• _DATA UNDER STUDY_:
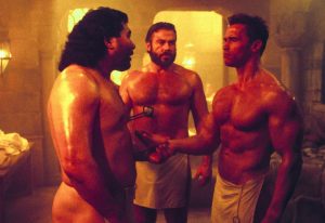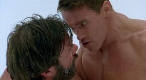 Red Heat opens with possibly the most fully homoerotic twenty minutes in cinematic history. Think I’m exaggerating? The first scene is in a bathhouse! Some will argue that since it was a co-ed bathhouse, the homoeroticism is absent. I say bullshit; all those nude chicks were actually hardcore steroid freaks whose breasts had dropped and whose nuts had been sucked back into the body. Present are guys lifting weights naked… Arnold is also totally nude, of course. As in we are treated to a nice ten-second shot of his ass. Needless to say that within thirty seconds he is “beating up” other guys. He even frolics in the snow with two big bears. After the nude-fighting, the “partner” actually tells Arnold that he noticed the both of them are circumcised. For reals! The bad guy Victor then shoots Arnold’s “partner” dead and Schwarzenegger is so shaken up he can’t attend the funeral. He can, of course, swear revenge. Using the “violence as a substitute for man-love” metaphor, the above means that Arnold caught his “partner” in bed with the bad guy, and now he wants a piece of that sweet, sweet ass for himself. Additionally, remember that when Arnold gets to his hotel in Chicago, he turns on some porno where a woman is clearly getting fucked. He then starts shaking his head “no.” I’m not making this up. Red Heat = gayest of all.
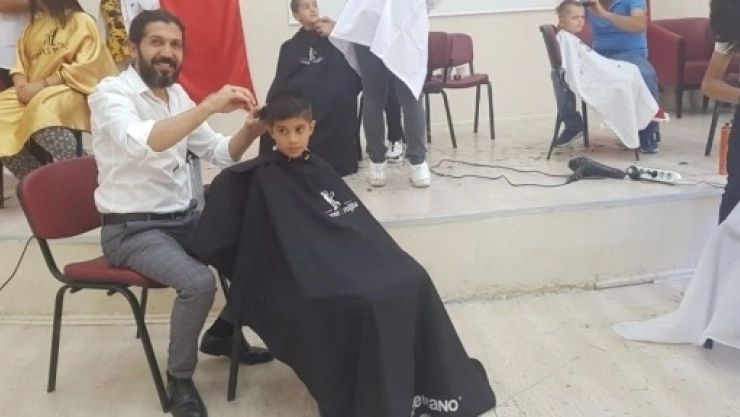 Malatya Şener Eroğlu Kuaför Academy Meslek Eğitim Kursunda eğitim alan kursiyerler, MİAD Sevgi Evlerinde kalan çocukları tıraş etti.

...

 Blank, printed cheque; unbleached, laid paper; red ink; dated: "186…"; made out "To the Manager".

---

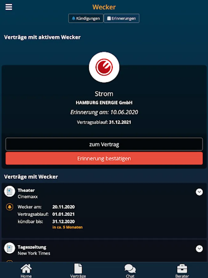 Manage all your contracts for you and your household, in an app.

• _WHAT THIS TASK INVOLVES_: Your answer should be the lines above, word for word, from the line with "Red Heat opens" through the line with "Malatya Şener Eroğlu", minus the pictures.

• _EXERCISE OUTPUT_:
 Red Heat opens with possibly the most fully homoerotic twenty minutes in cinematic history. Think I’m exaggerating? The first scene is in a bathhouse! Some will argue that since it was a co-ed bathhouse, the homoeroticism is absent. I say bullshit; all those nude chicks were actually hardcore steroid freaks whose breasts had dropped and whose nuts had been sucked back into the body. Present are guys lifting weights naked… Arnold is also totally nude, of course. As in we are treated to a nice ten-second shot of his ass. Needless to say that within thirty seconds he is “beating up” other guys. He even frolics in the snow with two big bears. After the nude-fighting, the “partner” actually tells Arnold that he noticed the both of them are circumcised. For reals! The bad guy Victor then shoots Arnold’s “partner” dead and Schwarzenegger is so shaken up he can’t attend the funeral. He can, of course, swear revenge. Using the “violence as a substitute for man-love” metaphor, the above means that Arnold caught his “partner” in bed with the bad guy, and now he wants a piece of that sweet, sweet ass for himself. Additionally, remember that when Arnold gets to his hotel in Chicago, he turns on some porno where a woman is clearly getting fucked. He then starts shaking his head “no.” I’m not making this up. Red Heat = gayest of all.
 Malatya Şener Eroğlu Kuaför Academy Meslek Eğitim Kursunda eğitim alan kursiyerler, MİAD Sevgi Evlerinde kalan çocukları tıraş etti.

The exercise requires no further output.